Nesse momento, optei pelos fatos. “Vai dar tudo certo, você vai ver” não me interessavam, embora jamais tenha deixado de apreciar a intenção carinhosa de quem falava esse tipo de coisa. Apenas eu não levava a sério, afinal, não sabia se realmente daria tudo certo. Sim, pode dar tudo certo. Mas pode dar tudo errado. Ja vi dar tudo errado com tanta gente, porquê não comigo?

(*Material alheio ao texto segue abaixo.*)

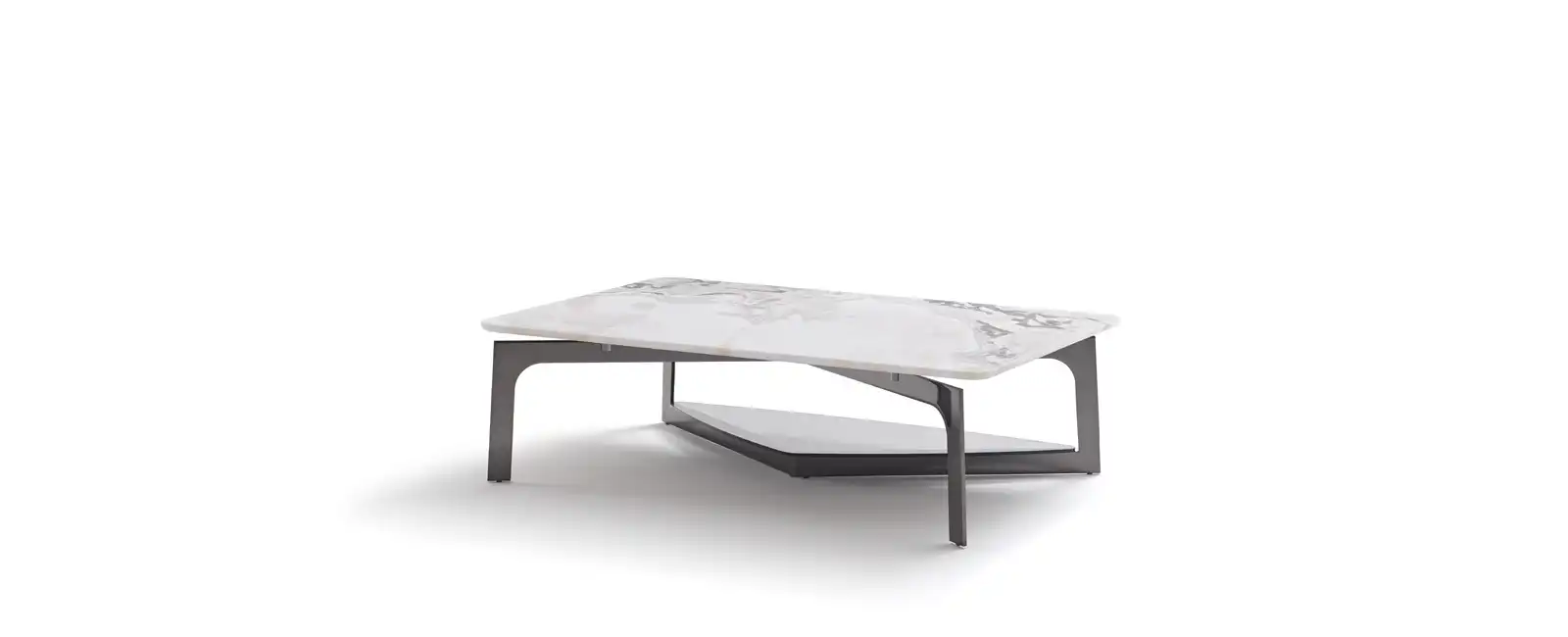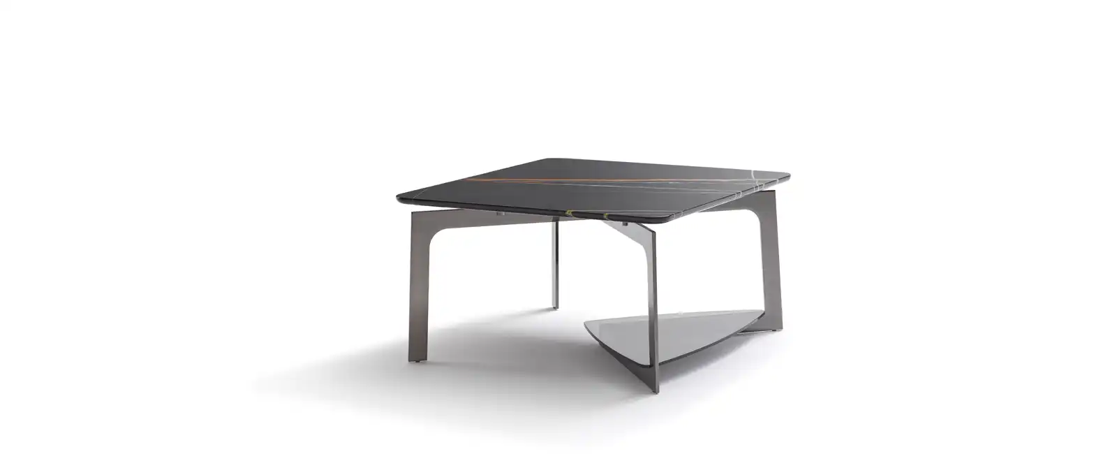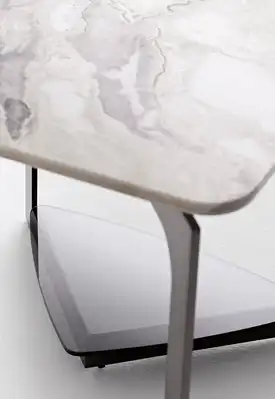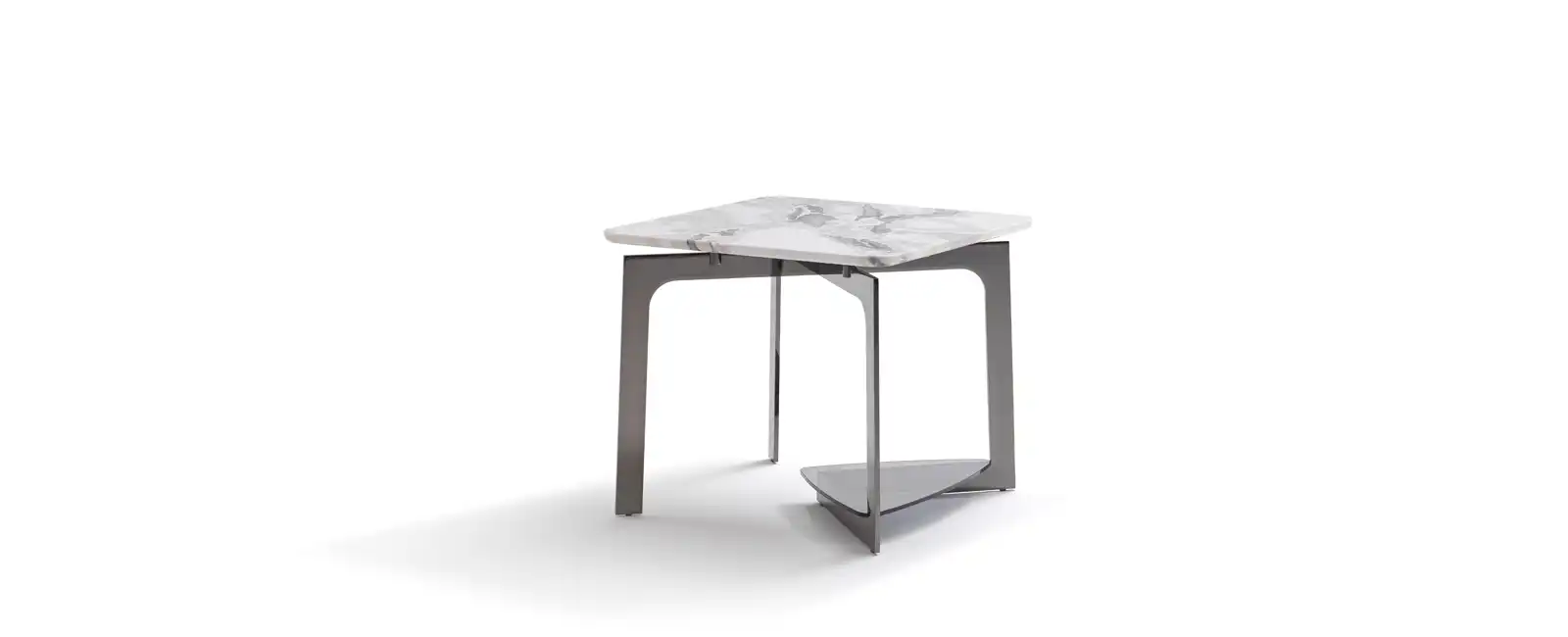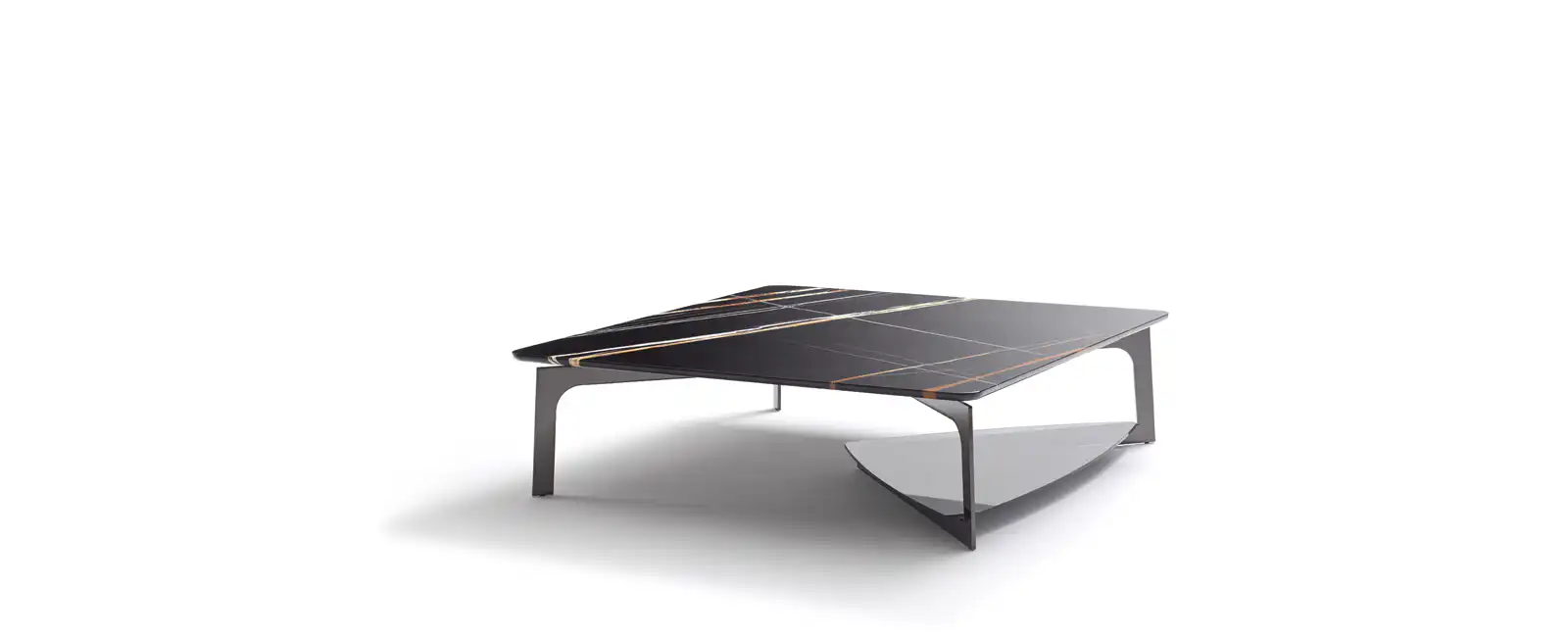 Tavolini con struttura in elegante nichel nero lucido, prezioso piano in marmo e pianetto in vetro fumè.

Na quinta-feira, Médico me liga.

Era um adenocarcinoma. Um tumor maligno.

Um câncer.

Muito bem.

Eu tivera um câncer.

Não acredito em justiça. Acredito em aleatoriedade. E mesmo pelo senso de justiça: meu avô, a melhor pessoa que conheci, teve câncer. Então eu também poderia ter. Assim, não senti raiva. Não está errado. Não é injusto. É aleatório. Eu nasci com essa predisposição e, provavelmente, contribuí para ela. Poderia ter sido o vizinho, o padeiro ou o dono da fábrica de portões. Fui eu. Random. Bolas de gude jogadas num chão liso.

Mesmo pensando dessa forma, a notícia é uma merda.

Muito bem.

Duas semanas se sucederam. Nós tínhamos que agir rápido, mas não havia a urgência da outra operação. A melhor alternativa era esperar um segundo resultado da biópsia, chamado “imuno histoquímico”, mais detalhado e preciso, mas também mais demorado. Médico foi viajar. Voltaria mais ou menos junto com o resultado, em 15 dias.

Esse tempo veio a calhar. Fui ouvir outras opiniões: um oncologista e dois cirurgiões em consultas, além de algumas pessoas próximas.

Diante da crise você se depara com a humanidade das pessoas. Quando pede uma consulta de um médico, geralmente não é fácil para o período em que você precisa, principalmente se não é paciente costumeiro. “A doutora só tem vaga no mês que vem”. Eu não poderia esperar isso. Mas quando você explica o que está acontecendo, muda-se o tom. “Ah, então venha que nós encaixamos”.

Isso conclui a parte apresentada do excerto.